Building explainable storage systems requires a fundamental shift in both monitoring and system design. Monitoring infrastructures must provide cross-layer visibility, causal event association, workload-aware context, low-overhead continuous collection, scalable analysis, and optimization-aware telemetry. At the same time, storage systems themselves must be architected with explainability as a first-class design goal: monitoring must be native rather than bolted on, systems must capture both application and system context, telemetry must span all layers of the software and hardware stack, collected data must support causal reasoning, and monitoring must ultimately target optimization rather than merely reporting metrics.

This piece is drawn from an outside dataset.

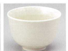
469-36-541 300円 0154469036 ページュ京小井 (11.6×7.6cm)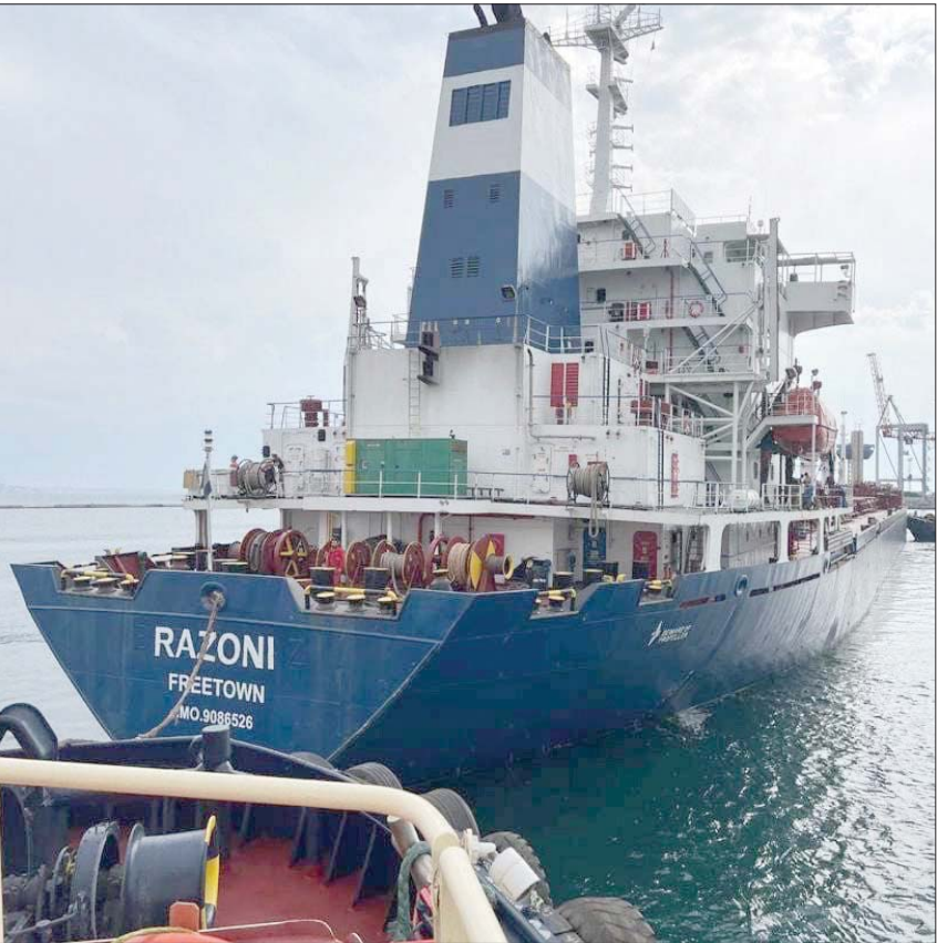
السفينة «رازوني» المحملة بالحبوب لدى مغادرتها ميناء أوديسا الأوكراني

وأشار أردوغان إلى أن الجميع يقر بأن الخطوة التي تم اتخاذها دبلوماسياً مهماً في سبيل تجاوز أزمة الحبوب، التي يتابعها العالم عن كثب، هي بالكامل ثمرة للجهود الحثيثة التي بذلتها تركيا في هذا الخصوص، وأن الأمين العام للأمم المتحدة أنطونيو غوتيريش أعرب عن إعجابها بتفكيرها في جهودها في هذا الصدد عند مغادرة أول سفينة محملة بالحبوب ميناء أوديسا الأوكراني عقب إبرام اتفاقية إسطنبول.

Finally, the talk presents a vision for self-explaining storage systems—systems capable of automatically detecting anomalies, explaining bottlenecks, recommending optimizations, adapting dynamically to workload behavior, exposing provenance across the storage stack, and integrating AI-driven reasoning into performance analysis. As storage architectures become increasingly software-defined, heterogeneous, and autonomous, explainability will become as critical a design objective as performance, scalability, and reliability. The next generation of storage systems should not only move data—they should explain themselves.
Speaker Bio: Hariharan Devarajan (Lawrence Livermore National Laboratory, USA)
Hariharan Devarajan is a computer scientist in the Parallel Systems Group in the Center for Applied Scientific Computing (CASC) at Lawrence Livermore National Laboratory. His research on large-scale distributed systems focuses on data management for extreme-scale systems. His other research interests include scalable performance analysis, bottleneck detection and tuning, and data management in distributed deep-learning workloads. Hariharan has worked at LLNL since 2021 and has received best paper awards at HPDC and CCGrid conferences.
Hariharan's current research focuses on workload-aware storage for HPC systems. He contributes to several projects within the laboratory, such as UnifyFS, the Scalable Checkpoint/Restart Library (SCR) project, FRACTALE, and GOTCHA. He is the task lead for I/O in the FRACTALE project, guiding research directions for data management for MD workflows, describing complex I/O patterns within the Flux scheduler, and improving utilization through data-aware job scheduling. These projects work towards a fundamental understanding of current and emerging needs for data management in HPC systems.